Tonga international rugby league & union footballer & Olympic sprinter

Mateaki Fonnama'atonga Mafi, also known by the nickname of "Matti", is a Tongan dual-code international rugby union and rugby league footballer, and sprinter. He played representative rugby union (RU) for Tonga and representative rugby league (RL) for Tonga, most notably at the 1995 Rugby League World Cup, and participated at the 1992 Summer Olympics as a 200m sprinter.

==Athletic career==
Mafi was a 200m sprinter and as a 19-year-old represented Tonga at the 1992 Summer Olympics in Barcelona. He finished fifth in his heat and failed to make the quarterfinals.

==Rugby union career==
Mafi was a rugby union player in the Tongan domestic competition.

==Rugby league career==
Mafi switched to rugby league in 1995, joining the Warrington Wolves in England. He was named in the Tongan squad for the 1995 World Cup. Along with Willie Swann and Martin Dermott, Mafi was sacked by Warrington early in the 1997 season after the club had a poor start to the season.

==Return to rugby union==
Mafi then returned to rugby union, joining Dunvant RFC in Wales. In 2000 he moved to the Bridgend RFC, before finishing his career with the Taibach RFC. He retired in 2004.

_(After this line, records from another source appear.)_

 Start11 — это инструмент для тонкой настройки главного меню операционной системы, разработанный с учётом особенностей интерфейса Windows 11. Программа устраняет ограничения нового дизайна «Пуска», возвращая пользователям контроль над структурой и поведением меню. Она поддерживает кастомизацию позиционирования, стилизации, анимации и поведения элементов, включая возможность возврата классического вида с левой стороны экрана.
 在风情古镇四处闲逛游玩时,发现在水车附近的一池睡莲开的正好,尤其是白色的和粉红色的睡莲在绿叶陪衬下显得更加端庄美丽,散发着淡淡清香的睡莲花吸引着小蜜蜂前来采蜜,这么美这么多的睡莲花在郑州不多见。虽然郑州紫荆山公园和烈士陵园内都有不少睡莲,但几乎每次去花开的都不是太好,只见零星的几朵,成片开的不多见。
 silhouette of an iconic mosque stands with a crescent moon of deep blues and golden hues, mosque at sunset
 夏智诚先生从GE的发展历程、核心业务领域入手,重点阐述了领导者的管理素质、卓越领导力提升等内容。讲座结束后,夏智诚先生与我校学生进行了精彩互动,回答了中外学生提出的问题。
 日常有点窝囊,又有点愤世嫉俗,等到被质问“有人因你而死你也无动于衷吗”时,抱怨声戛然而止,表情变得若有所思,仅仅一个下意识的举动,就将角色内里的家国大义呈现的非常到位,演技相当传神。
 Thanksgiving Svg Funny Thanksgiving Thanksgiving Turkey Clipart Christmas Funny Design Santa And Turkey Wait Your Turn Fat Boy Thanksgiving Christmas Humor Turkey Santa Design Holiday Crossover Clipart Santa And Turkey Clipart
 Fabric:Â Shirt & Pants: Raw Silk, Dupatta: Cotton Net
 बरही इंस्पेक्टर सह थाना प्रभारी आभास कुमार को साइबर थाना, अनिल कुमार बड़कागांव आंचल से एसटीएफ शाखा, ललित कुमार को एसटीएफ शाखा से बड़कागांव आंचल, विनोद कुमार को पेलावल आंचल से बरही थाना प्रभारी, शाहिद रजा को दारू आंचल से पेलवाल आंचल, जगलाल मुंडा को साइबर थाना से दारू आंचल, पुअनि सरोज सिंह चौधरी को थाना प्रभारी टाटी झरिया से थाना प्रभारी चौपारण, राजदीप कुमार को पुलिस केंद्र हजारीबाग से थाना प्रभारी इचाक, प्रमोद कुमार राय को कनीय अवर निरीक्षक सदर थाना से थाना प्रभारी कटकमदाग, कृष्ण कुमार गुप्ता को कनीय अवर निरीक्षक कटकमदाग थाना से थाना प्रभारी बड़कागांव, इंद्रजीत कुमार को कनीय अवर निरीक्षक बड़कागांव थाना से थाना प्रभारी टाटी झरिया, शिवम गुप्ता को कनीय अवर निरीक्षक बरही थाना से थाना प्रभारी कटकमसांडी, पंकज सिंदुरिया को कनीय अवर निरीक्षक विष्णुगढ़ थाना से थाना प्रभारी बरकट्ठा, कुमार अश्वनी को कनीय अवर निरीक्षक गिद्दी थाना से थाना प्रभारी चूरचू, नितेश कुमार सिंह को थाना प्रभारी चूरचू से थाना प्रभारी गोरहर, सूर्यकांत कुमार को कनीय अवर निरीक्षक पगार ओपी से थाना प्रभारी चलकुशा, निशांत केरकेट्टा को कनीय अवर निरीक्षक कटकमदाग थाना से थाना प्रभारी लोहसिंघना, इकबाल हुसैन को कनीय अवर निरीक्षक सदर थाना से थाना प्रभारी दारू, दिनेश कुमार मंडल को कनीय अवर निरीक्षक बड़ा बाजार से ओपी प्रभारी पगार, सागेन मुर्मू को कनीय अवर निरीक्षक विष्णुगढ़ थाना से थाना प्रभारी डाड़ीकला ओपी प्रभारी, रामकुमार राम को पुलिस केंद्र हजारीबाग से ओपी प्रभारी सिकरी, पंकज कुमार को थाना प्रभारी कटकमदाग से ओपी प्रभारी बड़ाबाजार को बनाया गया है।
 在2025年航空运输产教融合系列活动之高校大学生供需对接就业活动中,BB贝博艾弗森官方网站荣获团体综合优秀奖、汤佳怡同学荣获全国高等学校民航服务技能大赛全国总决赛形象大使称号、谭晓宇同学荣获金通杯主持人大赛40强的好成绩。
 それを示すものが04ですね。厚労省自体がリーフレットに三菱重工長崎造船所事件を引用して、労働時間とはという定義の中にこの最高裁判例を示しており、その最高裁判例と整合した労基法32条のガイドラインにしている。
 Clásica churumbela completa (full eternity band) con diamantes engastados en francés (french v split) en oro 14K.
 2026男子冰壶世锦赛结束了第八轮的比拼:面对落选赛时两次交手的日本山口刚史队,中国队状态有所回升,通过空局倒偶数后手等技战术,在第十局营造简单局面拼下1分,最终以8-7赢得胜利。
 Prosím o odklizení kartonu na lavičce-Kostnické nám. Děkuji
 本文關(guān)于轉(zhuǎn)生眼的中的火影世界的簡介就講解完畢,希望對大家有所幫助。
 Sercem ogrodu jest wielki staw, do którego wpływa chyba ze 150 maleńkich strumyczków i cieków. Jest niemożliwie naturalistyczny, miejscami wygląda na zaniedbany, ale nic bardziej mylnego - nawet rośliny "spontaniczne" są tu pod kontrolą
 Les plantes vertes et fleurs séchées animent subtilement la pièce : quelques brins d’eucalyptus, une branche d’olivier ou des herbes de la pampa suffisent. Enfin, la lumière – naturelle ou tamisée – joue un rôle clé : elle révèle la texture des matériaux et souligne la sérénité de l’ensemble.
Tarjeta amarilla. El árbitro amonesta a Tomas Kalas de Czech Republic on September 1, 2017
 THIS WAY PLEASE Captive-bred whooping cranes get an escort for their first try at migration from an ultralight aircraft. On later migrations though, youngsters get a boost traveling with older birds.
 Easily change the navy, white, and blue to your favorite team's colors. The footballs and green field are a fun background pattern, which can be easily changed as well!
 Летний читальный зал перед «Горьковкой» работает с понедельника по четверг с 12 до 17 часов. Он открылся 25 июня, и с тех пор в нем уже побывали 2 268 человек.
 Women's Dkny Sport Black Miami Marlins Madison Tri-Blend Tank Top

During his time in rugby union he represented Tonga at rugby sevens and also played for the Barbarians FC.

==Later years==
Mafi now works as a security officer at the St Davids Dewi Sant Shopping Centre in Cardiff. He also shows his Neapolitan Mastiffs at dog shows, winning two awards at the 2008 Crufts.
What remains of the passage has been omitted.